- Task objective
Repeat each record below exactly, dropping the pictures.

- Items from a data source

■ ■ ■ ■

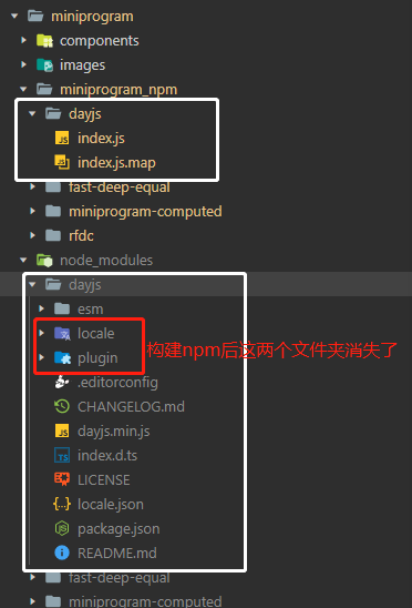 如图,使用构建npm后,在miniprogram_npm的dayjs文件夹里缺少local和plugin这两个文件夹。这是什么原因?怎么解决?
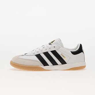 Adidas Originals Samba sneakers in white, black, and gum.
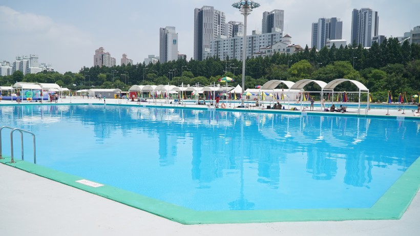 뚝섬 수영장은 지하철 7호선 자양역 근처에 있습니다. 수용인원은 3,500명입니다.
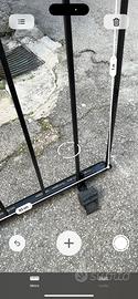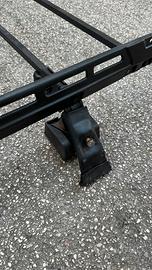 Portapacchi robusto in acciaio verniciato nero, ideale per trasporto bagagli, valigie, attrezzatura o box. Struttura solida, completo di 4 supporti con gommini per fissaggio alle barre longitudinali. Usato, in buone condizioni, normale segno d'uso ma perfettamente funzionale. Dimensioni indicative: - larghezza circa 93 cm - altezza montanti circa 1 m Facile da montare e smontare. Vendo per inutilizzo.
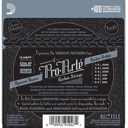 Erleben Sie den lebendigen, projizierenden und modernen Ton der Pro-Arté Carbon-Strings von D'Addario. Unsere Fluorkohlenstoff-Strings wurden nach den anspruchsvollen Spezifikationen unserer Pro-Arté Nylon-Tribles entwickelt und bieten eine unvergleichliche überlegene Intonation, einen reaktionsschnellen Angriff und einen modernen Projizieren-Ton. In Kombination mit den kühnen und leistungsstarken Dynacore-Bässen bieten Pro-Arté Carbons die ideale Kombination aus Spannung und Ton für den klassischen Spieler von heute.- Hervorragende Intonation mit einem reaktionsschnellen Angriff und modernem Projektionston
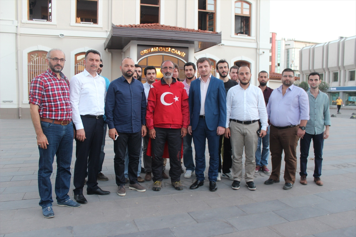 SAKARYA (AA) - Fetullahçı Terör Örgütü'nün (FETÖ) darbe girişimine tepki amacıyla cuma günü Eyüp Sultan Camisi'nde kılınan sabah namazının ardından yürüyerek Ankara'ya doğru yola çıkan aktivist ve yazar İbrahim Çolak, Sakarya'ya ulaştı.

■ ■ ■ ■

- Solution
 如图,使用构建npm后,在miniprogram_npm的dayjs文件夹里缺少local和plugin这两个文件夹。这是什么原因?怎么解决?
 Adidas Originals Samba sneakers in white, black, and gum.
 뚝섬 수영장은 지하철 7호선 자양역 근처에 있습니다. 수용인원은 3,500명입니다.
 Portapacchi robusto in acciaio verniciato nero, ideale per trasporto bagagli, valigie, attrezzatura o box. Struttura solida, completo di 4 supporti con gommini per fissaggio alle barre longitudinali. Usato, in buone condizioni, normale segno d'uso ma perfettamente funzionale. Dimensioni indicative: - larghezza circa 93 cm - altezza montanti circa 1 m Facile da montare e smontare. Vendo per inutilizzo.
 Erleben Sie den lebendigen, projizierenden und modernen Ton der Pro-Arté Carbon-Strings von D'Addario. Unsere Fluorkohlenstoff-Strings wurden nach den anspruchsvollen Spezifikationen unserer Pro-Arté Nylon-Tribles entwickelt und bieten eine unvergleichliche überlegene Intonation, einen reaktionsschnellen Angriff und einen modernen Projizieren-Ton. In Kombination mit den kühnen und leistungsstarken Dynacore-Bässen bieten Pro-Arté Carbons die ideale Kombination aus Spannung und Ton für den klassischen Spieler von heute.- Hervorragende Intonation mit einem reaktionsschnellen Angriff und modernem Projektionston
 SAKARYA (AA) - Fetullahçı Terör Örgütü'nün (FETÖ) darbe girişimine tepki amacıyla cuma günü Eyüp Sultan Camisi'nde kılınan sabah namazının ardından yürüyerek Ankara'ya doğru yola çıkan aktivist ve yazar İbrahim Çolak, Sakarya'ya ulaştı.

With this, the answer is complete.